- **What you are asked to do**:
Please reproduce the records below exactly, omitting any pictures they contain.
= = = =
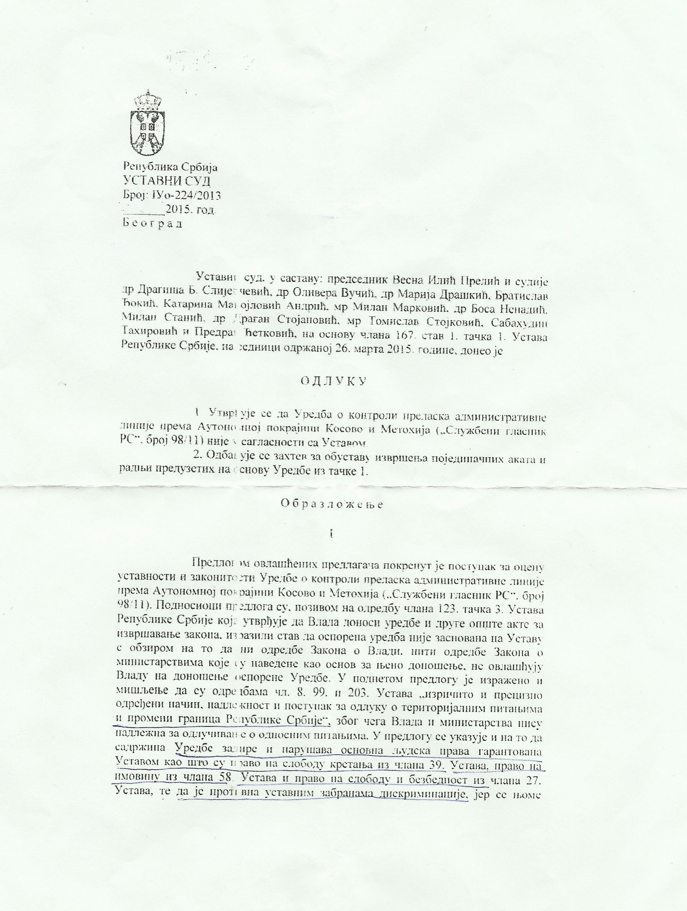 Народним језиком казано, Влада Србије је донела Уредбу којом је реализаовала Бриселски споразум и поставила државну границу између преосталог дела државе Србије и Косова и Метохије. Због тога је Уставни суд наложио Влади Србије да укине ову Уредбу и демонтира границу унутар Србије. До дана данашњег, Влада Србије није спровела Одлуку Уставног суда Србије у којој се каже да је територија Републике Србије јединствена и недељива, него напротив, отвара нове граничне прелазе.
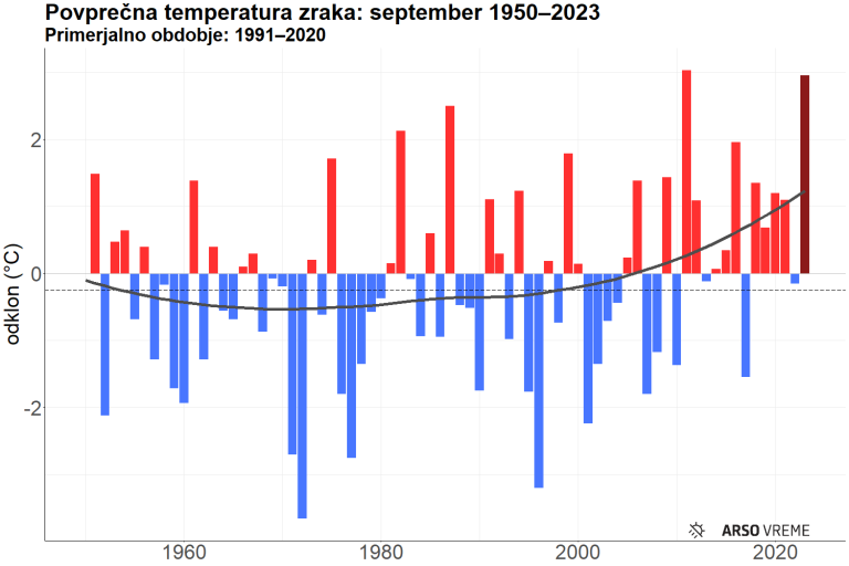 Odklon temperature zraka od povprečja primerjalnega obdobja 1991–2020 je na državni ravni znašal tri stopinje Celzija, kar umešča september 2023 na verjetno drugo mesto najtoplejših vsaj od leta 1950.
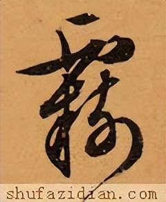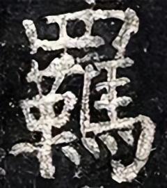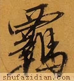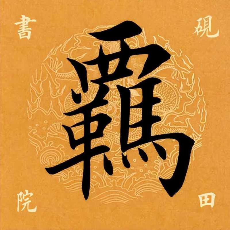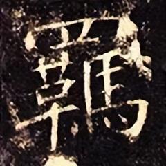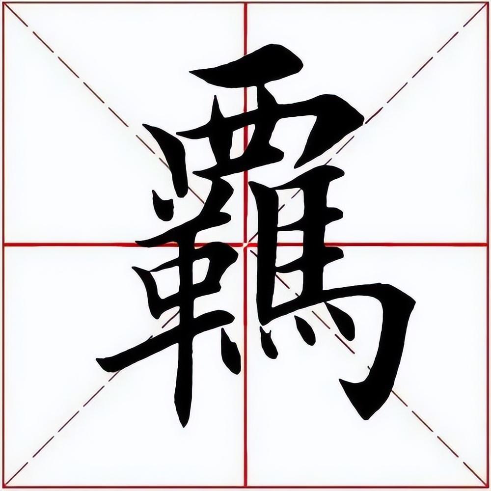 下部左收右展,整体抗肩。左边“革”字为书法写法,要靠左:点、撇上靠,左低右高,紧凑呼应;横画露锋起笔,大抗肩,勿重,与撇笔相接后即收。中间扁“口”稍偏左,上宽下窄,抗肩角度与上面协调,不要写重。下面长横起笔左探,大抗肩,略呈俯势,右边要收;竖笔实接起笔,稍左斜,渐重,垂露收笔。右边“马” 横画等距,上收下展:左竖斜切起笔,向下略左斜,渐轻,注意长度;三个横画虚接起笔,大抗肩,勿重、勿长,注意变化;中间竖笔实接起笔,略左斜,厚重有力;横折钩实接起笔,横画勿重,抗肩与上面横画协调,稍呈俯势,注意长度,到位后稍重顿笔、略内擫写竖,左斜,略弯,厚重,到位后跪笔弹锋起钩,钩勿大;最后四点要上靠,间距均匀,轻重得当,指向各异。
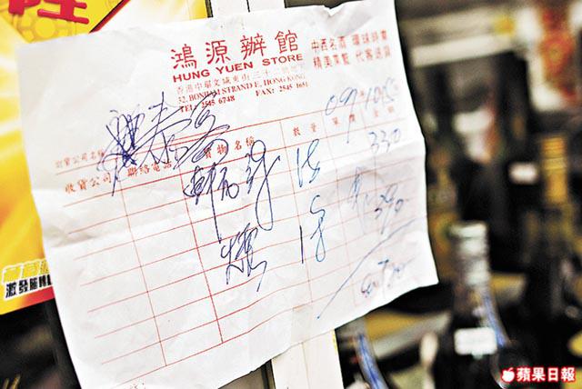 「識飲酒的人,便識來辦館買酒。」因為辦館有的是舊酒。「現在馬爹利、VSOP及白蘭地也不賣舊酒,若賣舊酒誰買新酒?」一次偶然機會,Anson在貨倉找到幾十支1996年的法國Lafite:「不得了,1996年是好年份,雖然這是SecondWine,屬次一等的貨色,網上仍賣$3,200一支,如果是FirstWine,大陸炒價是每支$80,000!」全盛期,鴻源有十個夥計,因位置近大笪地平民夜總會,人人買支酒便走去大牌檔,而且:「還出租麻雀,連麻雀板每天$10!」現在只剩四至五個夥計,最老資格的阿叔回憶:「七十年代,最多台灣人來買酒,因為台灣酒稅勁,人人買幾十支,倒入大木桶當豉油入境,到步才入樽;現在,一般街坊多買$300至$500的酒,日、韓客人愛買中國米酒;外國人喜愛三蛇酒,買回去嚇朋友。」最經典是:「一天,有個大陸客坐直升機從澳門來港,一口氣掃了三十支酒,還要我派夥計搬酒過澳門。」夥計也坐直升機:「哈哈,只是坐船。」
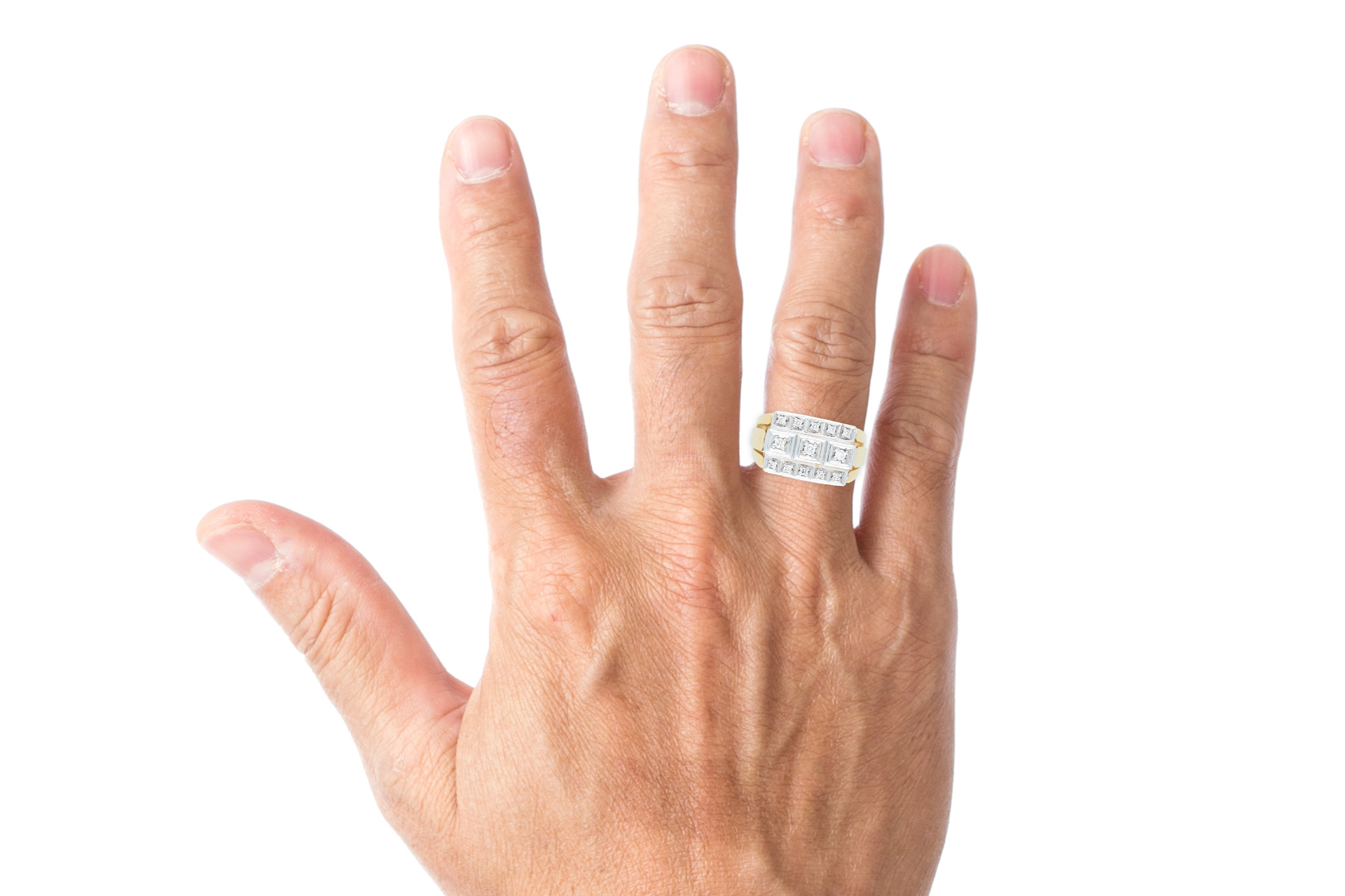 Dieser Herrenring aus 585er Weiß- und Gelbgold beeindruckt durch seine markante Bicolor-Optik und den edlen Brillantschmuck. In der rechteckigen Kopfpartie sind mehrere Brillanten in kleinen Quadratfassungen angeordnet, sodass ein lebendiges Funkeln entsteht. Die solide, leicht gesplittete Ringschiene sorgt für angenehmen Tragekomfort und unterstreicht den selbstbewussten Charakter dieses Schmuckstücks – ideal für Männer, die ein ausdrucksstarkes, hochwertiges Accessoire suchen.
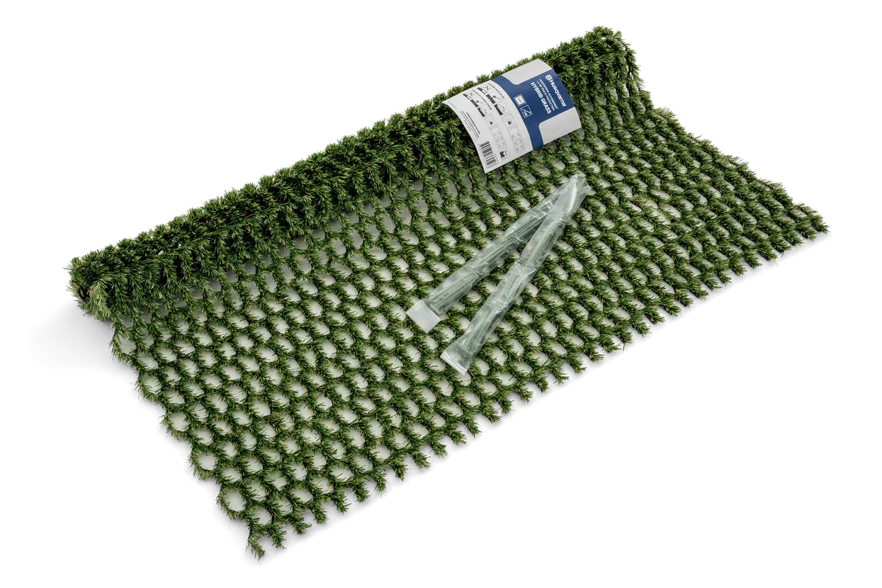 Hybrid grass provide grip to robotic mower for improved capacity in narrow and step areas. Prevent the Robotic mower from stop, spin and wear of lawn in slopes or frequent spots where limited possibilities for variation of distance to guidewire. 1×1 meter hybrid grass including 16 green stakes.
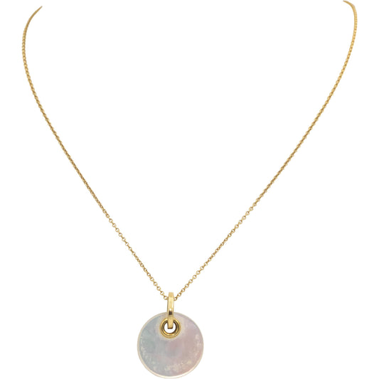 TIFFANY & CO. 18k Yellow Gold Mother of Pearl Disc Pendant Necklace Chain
= = = =
- **Task answer**:
 Народним језиком казано, Влада Србије је донела Уредбу којом је реализаовала Бриселски споразум и поставила државну границу између преосталог дела државе Србије и Косова и Метохије. Због тога је Уставни суд наложио Влади Србије да укине ову Уредбу и демонтира границу унутар Србије. До дана данашњег, Влада Србије није спровела Одлуку Уставног суда Србије у којој се каже да је територија Републике Србије јединствена и недељива, него напротив, отвара нове граничне прелазе.
 Odklon temperature zraka od povprečja primerjalnega obdobja 1991–2020 je na državni ravni znašal tri stopinje Celzija, kar umešča september 2023 na verjetno drugo mesto najtoplejših vsaj od leta 1950.
 下部左收右展,整体抗肩。左边“革”字为书法写法,要靠左:点、撇上靠,左低右高,紧凑呼应;横画露锋起笔,大抗肩,勿重,与撇笔相接后即收。中间扁“口”稍偏左,上宽下窄,抗肩角度与上面协调,不要写重。下面长横起笔左探,大抗肩,略呈俯势,右边要收;竖笔实接起笔,稍左斜,渐重,垂露收笔。右边“马” 横画等距,上收下展:左竖斜切起笔,向下略左斜,渐轻,注意长度;三个横画虚接起笔,大抗肩,勿重、勿长,注意变化;中间竖笔实接起笔,略左斜,厚重有力;横折钩实接起笔,横画勿重,抗肩与上面横画协调,稍呈俯势,注意长度,到位后稍重顿笔、略内擫写竖,左斜,略弯,厚重,到位后跪笔弹锋起钩,钩勿大;最后四点要上靠,间距均匀,轻重得当,指向各异。
 「識飲酒的人,便識來辦館買酒。」因為辦館有的是舊酒。「現在馬爹利、VSOP及白蘭地也不賣舊酒,若賣舊酒誰買新酒?」一次偶然機會,Anson在貨倉找到幾十支1996年的法國Lafite:「不得了,1996年是好年份,雖然這是SecondWine,屬次一等的貨色,網上仍賣$3,200一支,如果是FirstWine,大陸炒價是每支$80,000!」全盛期,鴻源有十個夥計,因位置近大笪地平民夜總會,人人買支酒便走去大牌檔,而且:「還出租麻雀,連麻雀板每天$10!」現在只剩四至五個夥計,最老資格的阿叔回憶:「七十年代,最多台灣人來買酒,因為台灣酒稅勁,人人買幾十支,倒入大木桶當豉油入境,到步才入樽;現在,一般街坊多買$300至$500的酒,日、韓客人愛買中國米酒;外國人喜愛三蛇酒,買回去嚇朋友。」最經典是:「一天,有個大陸客坐直升機從澳門來港,一口氣掃了三十支酒,還要我派夥計搬酒過澳門。」夥計也坐直升機:「哈哈,只是坐船。」
 Dieser Herrenring aus 585er Weiß- und Gelbgold beeindruckt durch seine markante Bicolor-Optik und den edlen Brillantschmuck. In der rechteckigen Kopfpartie sind mehrere Brillanten in kleinen Quadratfassungen angeordnet, sodass ein lebendiges Funkeln entsteht. Die solide, leicht gesplittete Ringschiene sorgt für angenehmen Tragekomfort und unterstreicht den selbstbewussten Charakter dieses Schmuckstücks – ideal für Männer, die ein ausdrucksstarkes, hochwertiges Accessoire suchen.
 Hybrid grass provide grip to robotic mower for improved capacity in narrow and step areas. Prevent the Robotic mower from stop, spin and wear of lawn in slopes or frequent spots where limited possibilities for variation of distance to guidewire. 1×1 meter hybrid grass including 16 green stakes.
 TIFFANY & CO. 18k Yellow Gold Mother of Pearl Disc Pendant Necklace Chain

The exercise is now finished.